Classical Statistical (In-Sample) Intuitions Don't Generalize Well: A Note on Bias-Variance Tradeoffs, Overfitting and Moving from Fixed to Random Designs
This clarifies foundational discrepancies in statistical learning for researchers and practitioners, though it is incremental in highlighting a known design difference.
The paper shows that moving from fixed to random designs in statistical analysis fundamentally changes textbook intuitions about bias-variance tradeoffs, explaining why phenomena like double descent and benign overfitting appear in modern machine learning but not in classical statistics.

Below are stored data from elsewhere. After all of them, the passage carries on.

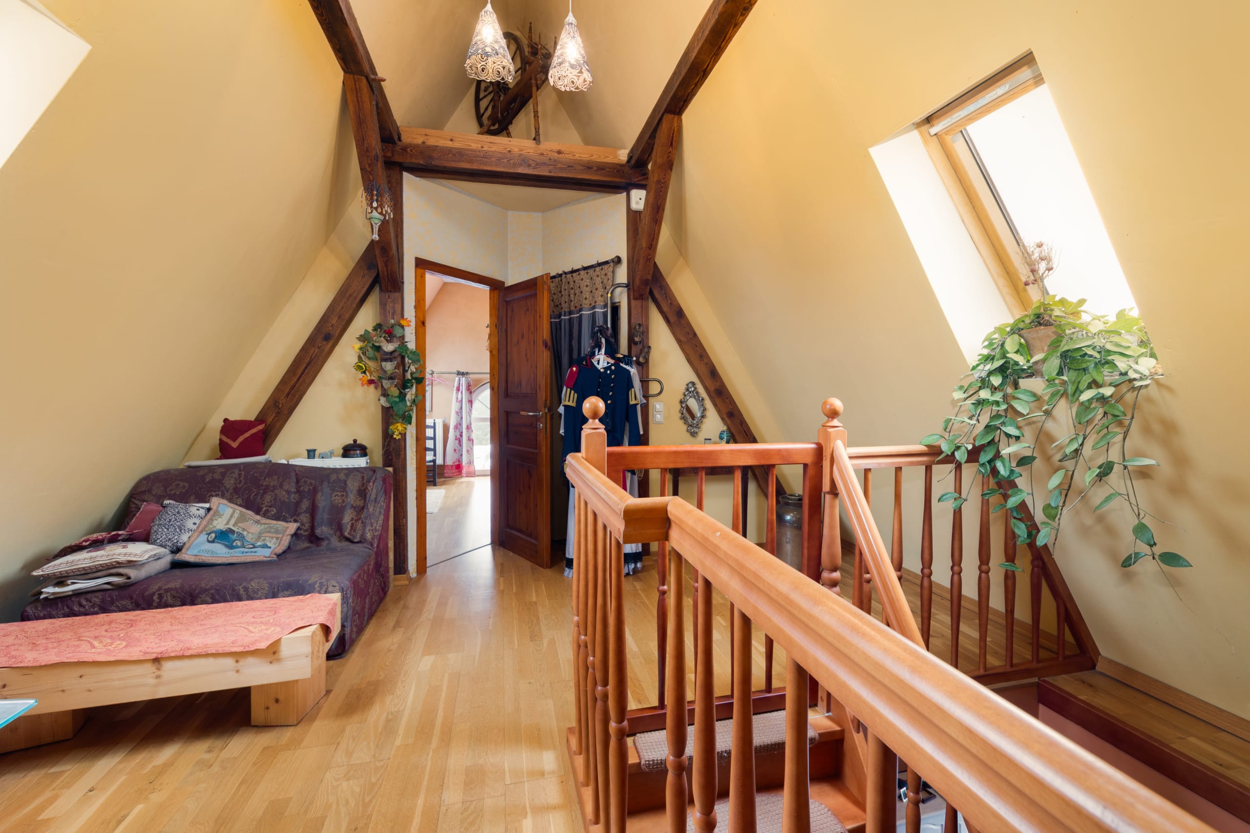 Das Haus ist genau die richtige Wahl für Menschen, die nach einem liebevoll gestalteten und rustikalen Zuhause mit viel Herz, Wärme und genau dem richtigen Quäntchen Altbau-Charme im Bauernhof-Stil suchen. Zahlreiche verspielte Massivholz-Elemente, ein Kamin, ein zusätzlicher Kamin-Ofen, wundervolle Kassetten-Türen mit stilvollen Zargen, teils hohe Decken und freigelegte Balken sowie die mit Lehmputz gespachtelten Wände lassen das Herz eines jeden höher schlagen, der von einem geruhsamen Leben auf dem Land träumt. Hier verspricht jede Ecke des Hauses solide Handwerksarbeit.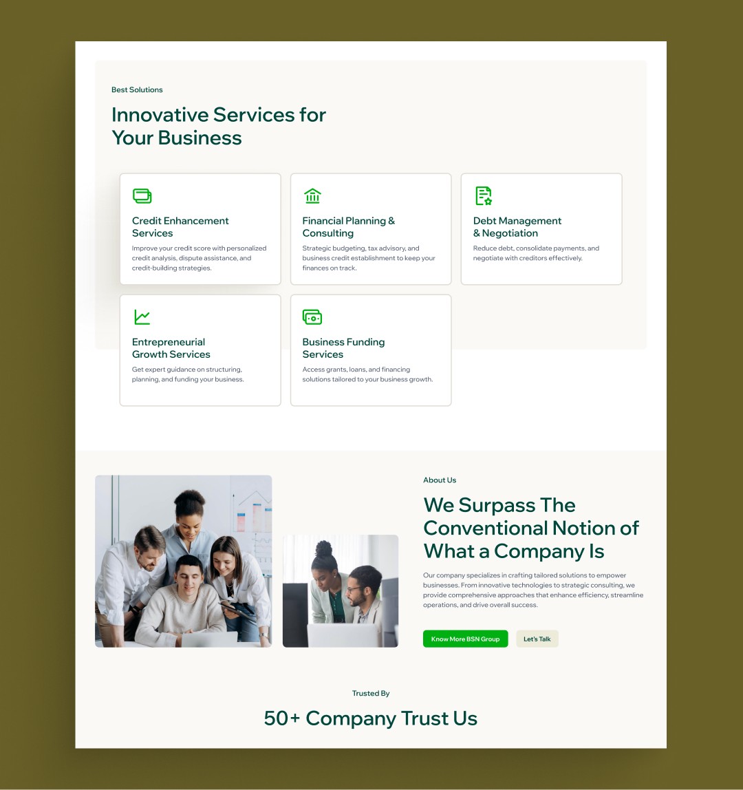BSN Group Inc is a professional consulting firm that provides tailored financial advisory, debt resolution, and business growth services for small to mid-sized enterprises. Their core mission is to empower businesses through strategic support, innovative funding solutions, and clear financial guidance.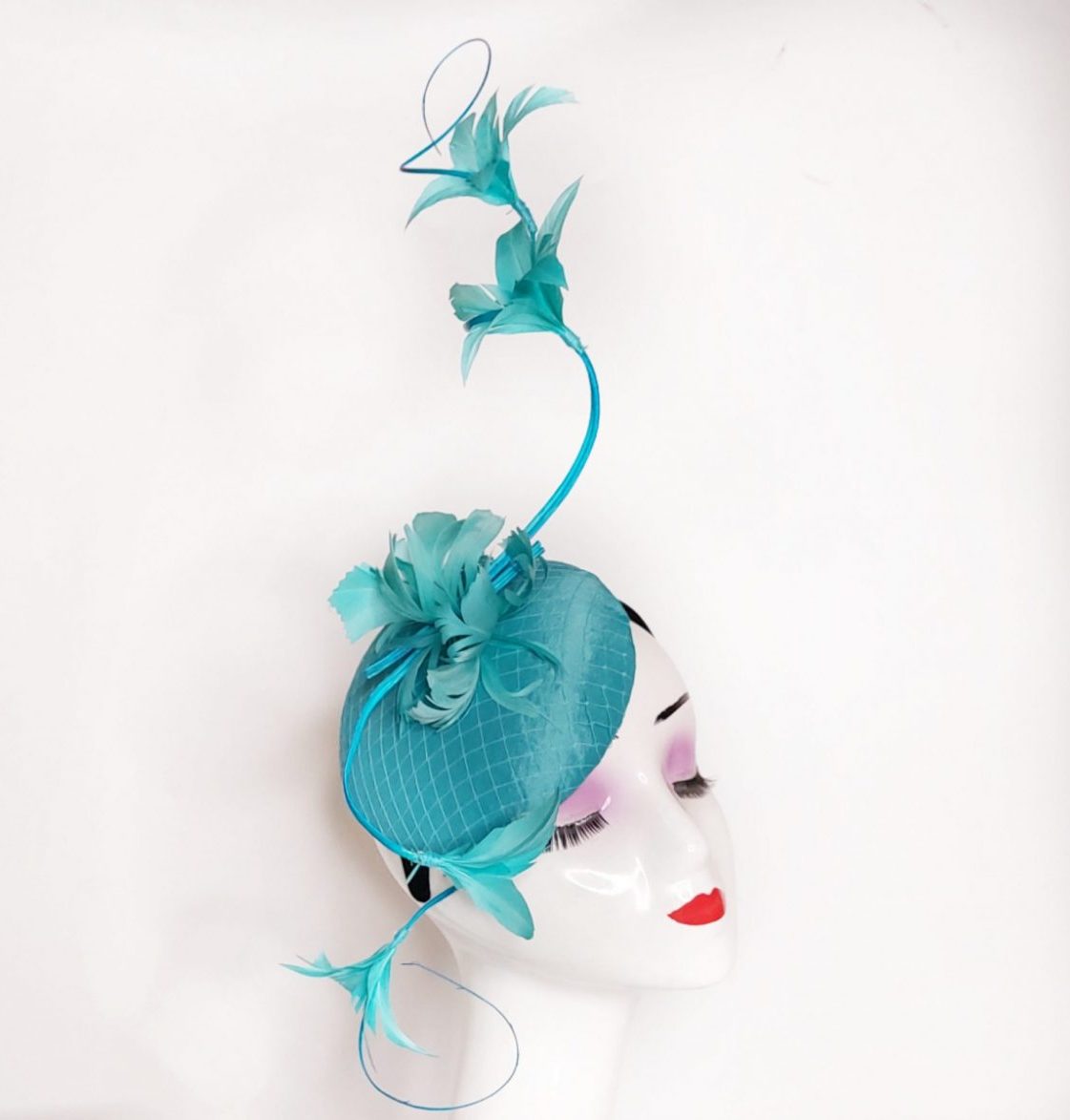 Small base fascinator wrapped with shiny fabric and Russian veiling. Base is accessorised with feathers.

The sudden appearance of modern machine learning (ML) phenomena like double descent and benign overfitting may leave many classically trained statisticians feeling uneasy -- these phenomena appear to go against the very core of statistical intuitions conveyed in any introductory class on learning from data. The historical lack of earlier observation of such phenomena is usually attributed to today's reliance on more complex ML methods, overparameterization, interpolation and/or higher data dimensionality. In this note, we show that there is another reason why we observe behaviors today that appear at odds with intuitions taught in classical statistics textbooks, which is much simpler to understand yet rarely discussed explicitly. In particular, many intuitions originate in fixed design settings, in which in-sample prediction error (under resampling of noisy outcomes) is of interest, while modern ML evaluates its predictions in terms of generalization error, i.e. out-of-sample prediction error in random designs. Here, we highlight that this simple move from fixed to random designs has (perhaps surprisingly) far-reaching consequences on textbook intuitions relating to the bias-variance tradeoff, and comment on the resulting (im)possibility of observing double descent and benign overfitting in fixed versus random designs.